Problem statement:
Below are records; the lines starting at the one with "General Info: Manual" and ending at the one with "Functions logs, error" must be reproduced exactly, both included. Pictures must not appear.

Source material:
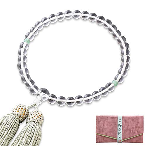 京仏壇はやしの女性用正絹数珠は、本水晶と印度翡翠を使用し、すべての宗派で使用可能。頭房は2天付き。数珠袋セットで、京都の伝統を感じられる逸品です。
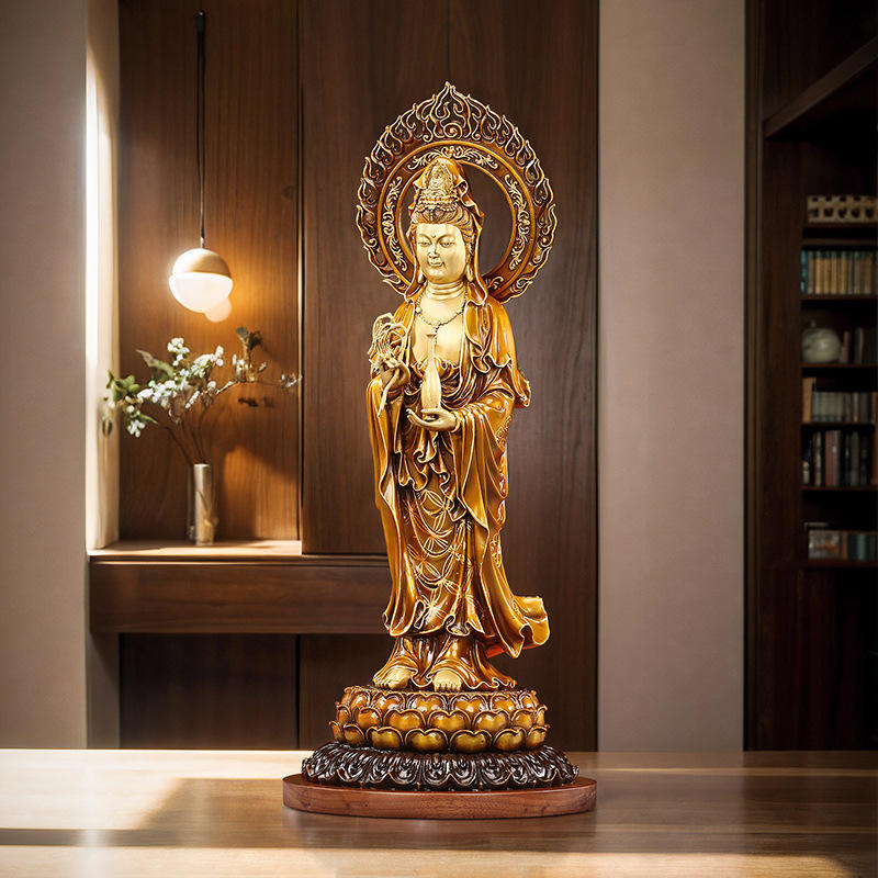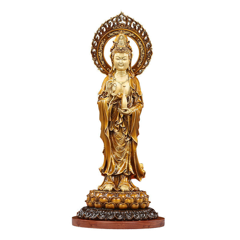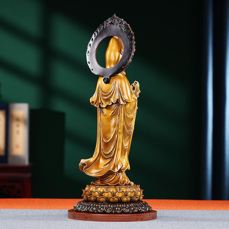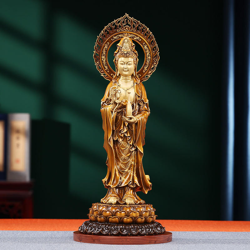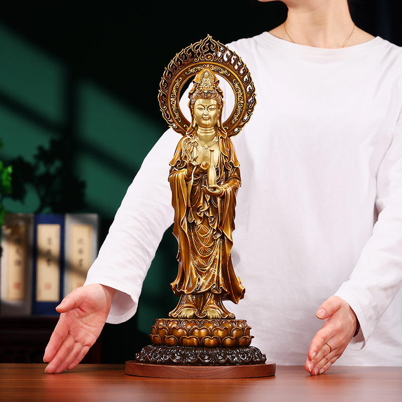 Ancient Tea Set Statues Brass Guanyin Ornaments & Figures Cut Gold Finish for Home Furnishings
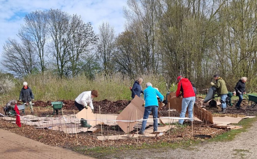 Daarna grote lappen karton erop – wat nog een hele kunst was met die wind – en dan maar kruien. In file reden de vrijwilligers met kruiwagens af en aan en werd het karton steeds verder bedekt met goede aarde en wormenmest. Intussen werd met de graspollen die er nog lagen een “kruidenheuvel” gebouwd, een variant op de kruidenspiraal. Tenslotte werd het blad, met de verschrikte wormen, weer teruggelegd op de zwarte aarde, om uitdrogen te voorkomen.
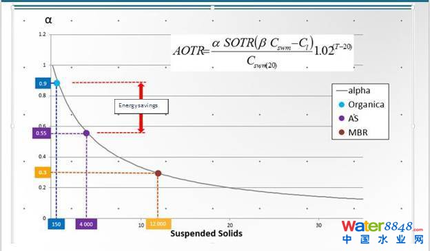 這是一個(gè)溶氧效率曲線,橫軸的TSS于縱軸溶氧效率α的關(guān)系圖,MBRTSS比較高,所以α值最低,FCRTSS最低,所以α最高,越高氧氣傳遞的利用就越高,需要的空氣就越少也就越節(jié)約能源,請(qǐng)看下面兩張圖片對(duì)于能量,占地面積的對(duì)比。
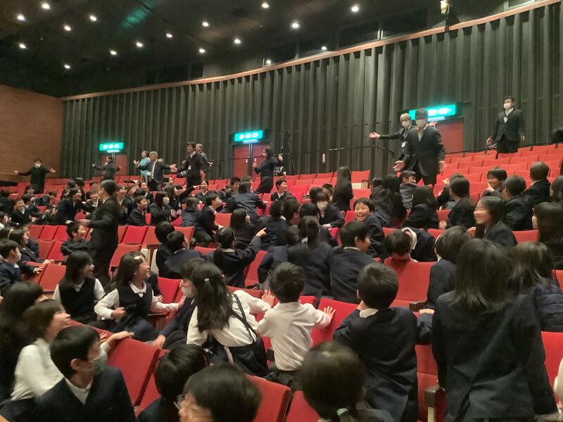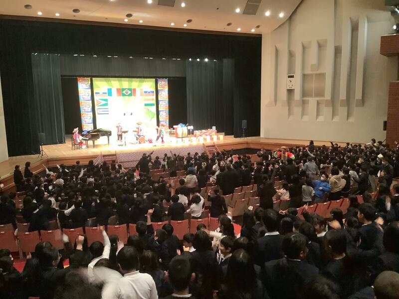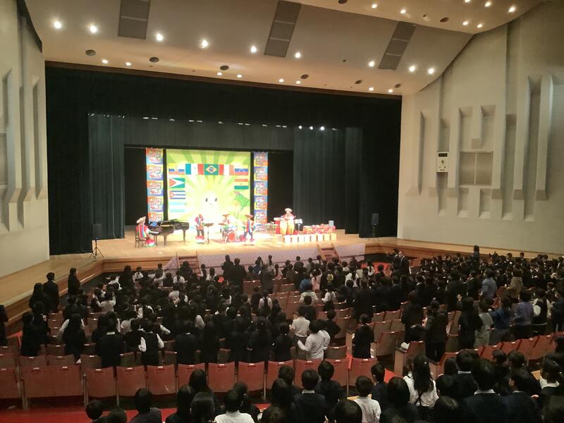 今日は全校児童で音楽鑑賞会に行ってきました。子供たちは今日の観賞会を楽しみにしていました。ラテン音楽にのって楽しそうに曲に合わせて踊ったり掛け声をかけたりしていました。子供たちは、「音楽に合わせて踊るのが楽しかったです」「クインカという楽器の音が面白かったです」等と話していました。久しぶりに全校児童でコンサートを楽しめました!
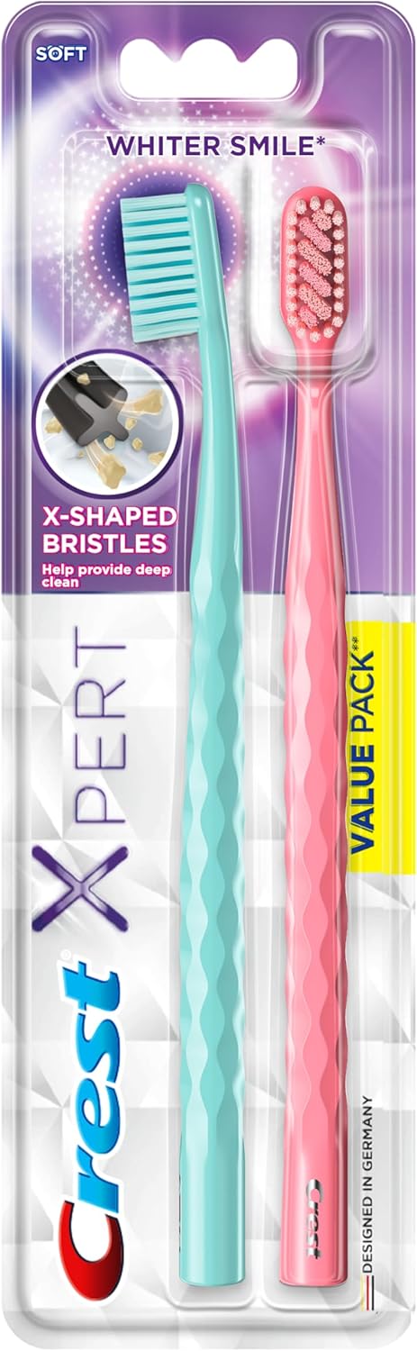 General Info: Manual toothbrush designed to help achieve a brighter smile by removing surface stains. Comes in a 2-pack. Features: Soft bristles for gentle cleaning. Ergonomic handle for comfortable and precise brushing. Bristles often have a polishing cup design.
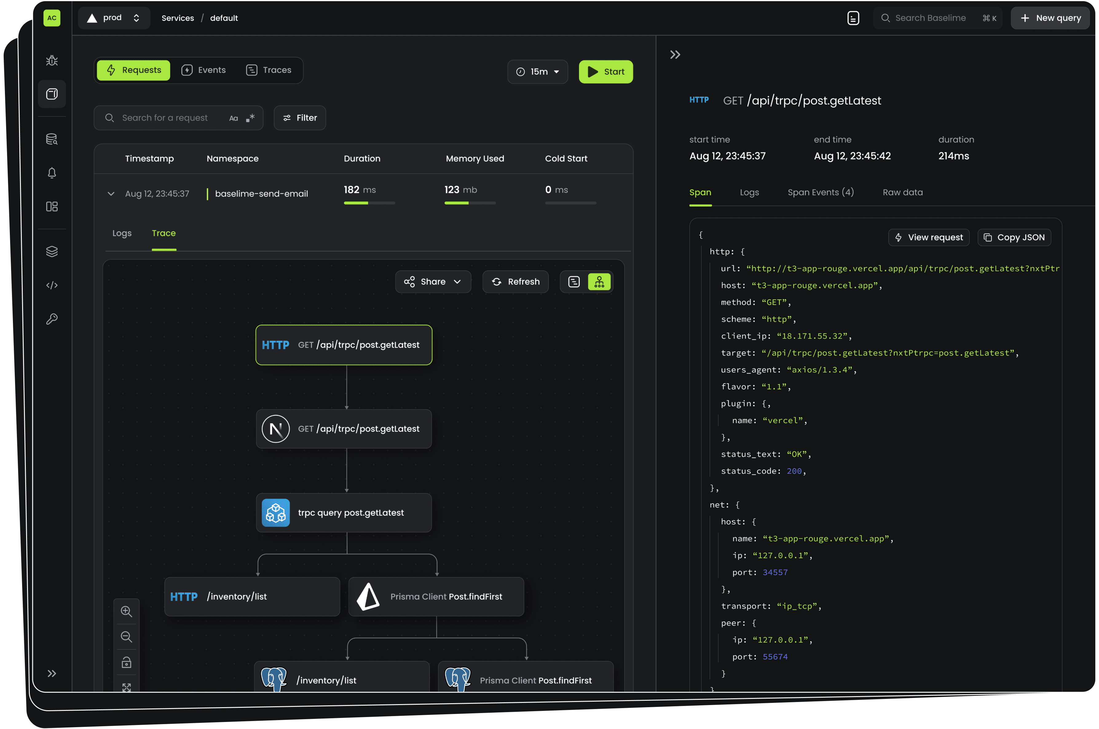 Functions logs, error tracking, distributed tracing and web vitals, all instantly queryable and searchable
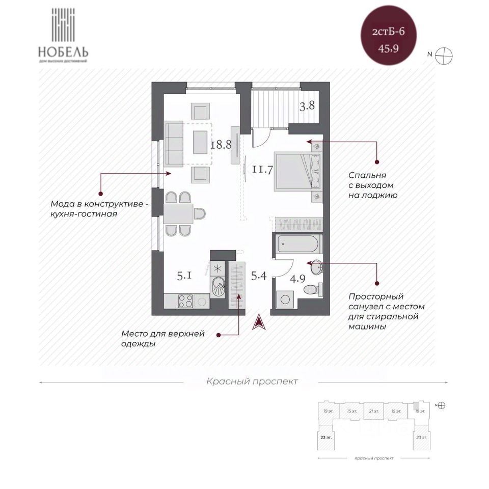 Дом сдан, приглашаем на экскурсию! "Нобель" на Красном проспекте в 2025 году стал победителем в номинации Жилая недвижимость. Бизнес-класс. Регионы (Urban Awards 2025), в 2024 признан Самым инвестиционно-привлекательным проектом УФО+СФО+ДФО (Urban Awards 2024). Дом "Нобель" в Новосибирске спроектирован компанией "Новый мир" совместно с международной командой архитекторов из Великобритании, Италии и Сербии. Уникальность проекта, в том, что при строительстве здания в центральной локации города удалось сохранить более 200 деревьев ценных хвойных пород на территории комплекса. При этом в продукте было сформировано более 50 вариантов функциональных планировочных решений. И все это в великолепной архитектурной форме в стиле ар-деко. Общая площадь территории 2 гектара! Именно это позволило специалистам компании "Новый мир" спроектировать уникальный двор-парк с фонтаном и колоннадой. Архитектура Один из принципов нашей компании: сохранять все лучшее в каждой локации. Архитектурное окружение дома "Нобель" представлено сталинской неоклассикой, именно поэтому специалисты компании "Новый мир" выбрали стиль ар-деко, который называют наследником неоклассицизма и модернизма. "Нобель" — это архитектура, устремленная вверх. 5 башен с величественными шпилями, благородный фасад из натурального гранита, увеличенная площадь остекления с применением архитектурного стекла. И — чего не встретишь в других проектах, — роскошная гранитная прогулочная колоннада — второй уровень благоустройства. Двор Ландшафтный дизайн стилистически продолжает архитектурный замысел ар-деко: строгая закономерность, смелые линии, геометрические узоры, отсутствие ярких оттенков. Пространство двора-парка разделено на две части. Они отделены друг от друга колоннадой, по которой можно прогуливаться на высоте 10 метров и любоваться Красным проспектом. Зоны отдыха, игровые площадки, беседки соединены дорожками и создают один из узнаваемых узоров европейского стиля. Хвойные гиганты и фонтан добавляют особый шик. Холлы Семь парадных холлов дома "Нобель" облицованы широкоформатным итальянским керамогранитом. Мягкий свет, парящие потолки, дизайнерские люстры, бесшумные скоростные лифты, — каждый элемент создает атмосферу дорогого уюта и респектабельности. В доме предусмотрен консьерж-сервис для удобства жителей и гостей. Отделка White Box Квартиры дома Нобель сдаются в предчистовой отделке white box. Она сделана с той же тщательностью и вниманием к малейшим деталям, как и все другие работы по проекту. Квартиры полностью готовы к чистовой отделке.
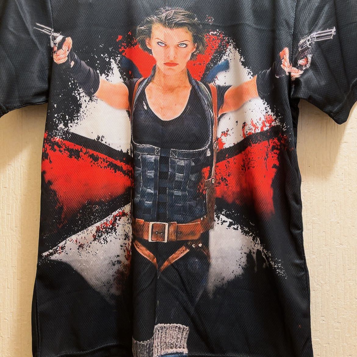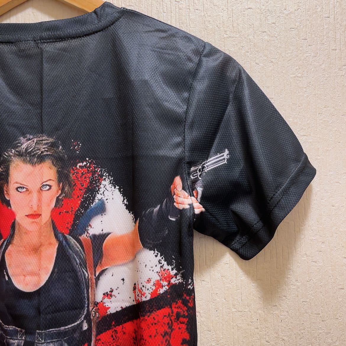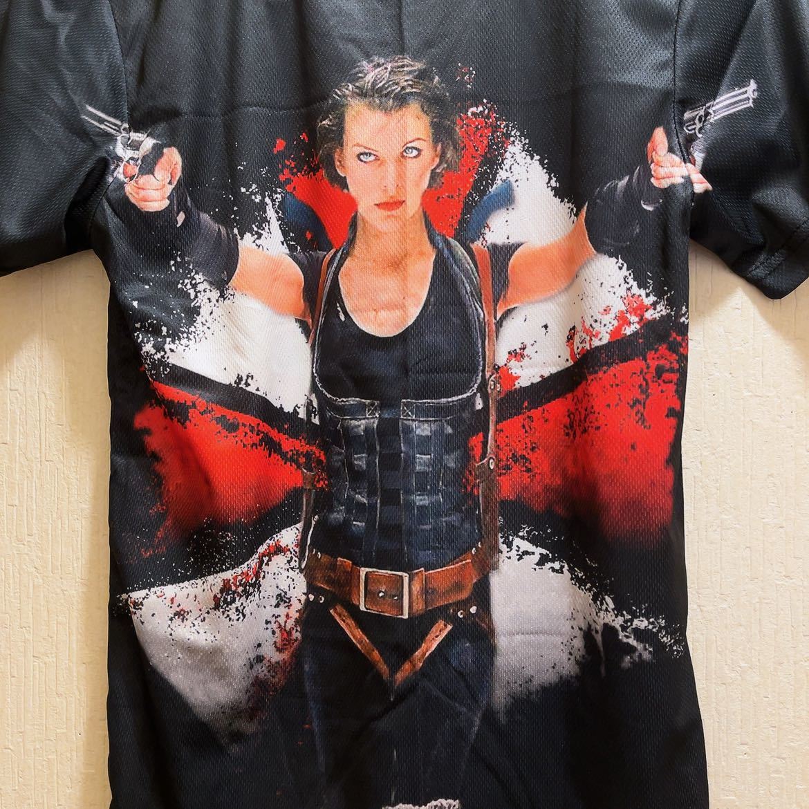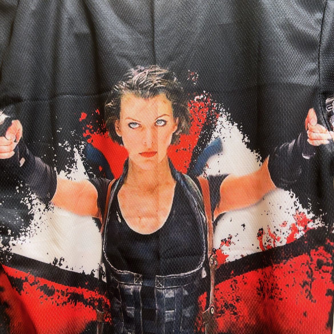 ★2002年に公開され6作、大ヒットしたバイオハザードのミラジョヴォヴィッチがガンを構えた姿がプリントされたTシャツです。バックプリントあり。
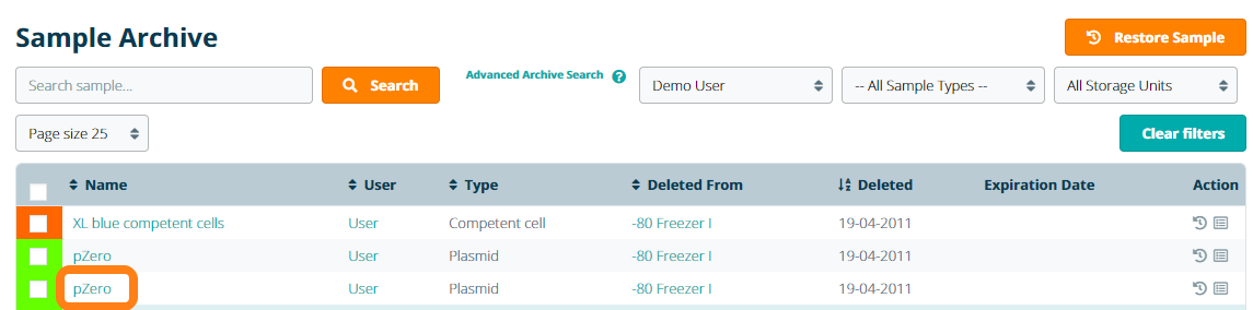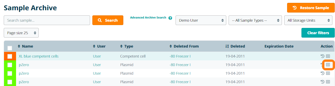 Use the keyword search bar or quick filters to find samples. Click on the sample name in the archive to view the sample information of the archived sample.
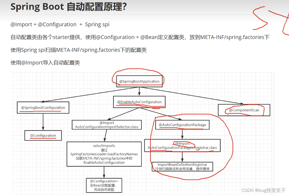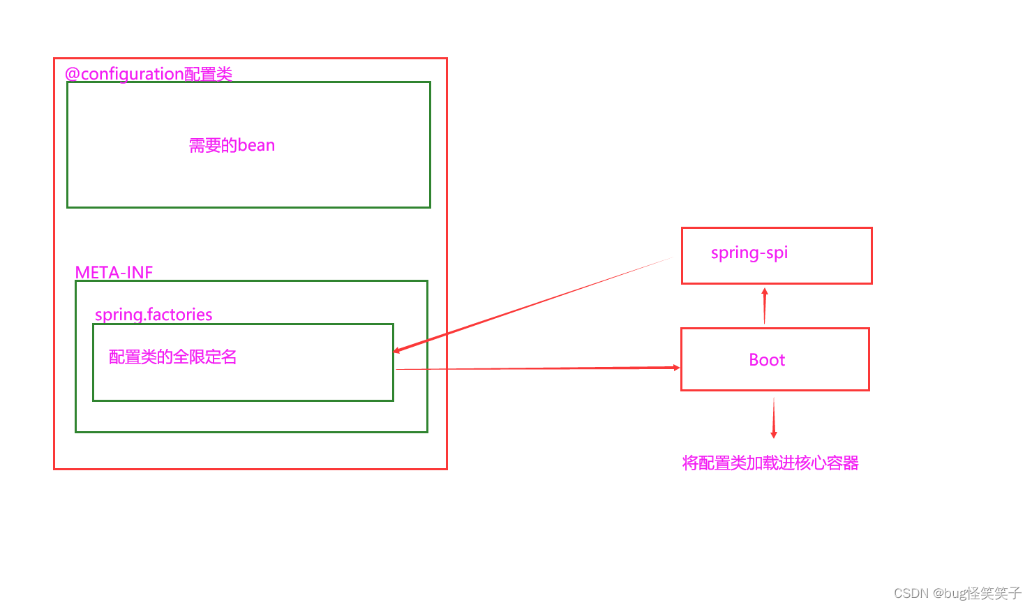首先,自动配置类由各个starter来提供,它使用@Configuration和@bean来定义配置类。并且把配置类的全路径名放进MEAT-INF/spring.factories里。自动配置的核心就是如何加载这些配置类。

Problem solution:
 General Info: Manual toothbrush designed to help achieve a brighter smile by removing surface stains. Comes in a 2-pack. Features: Soft bristles for gentle cleaning. Ergonomic handle for comfortable and precise brushing. Bristles often have a polishing cup design.
 Functions logs, error tracking, distributed tracing and web vitals, all instantly queryable and searchable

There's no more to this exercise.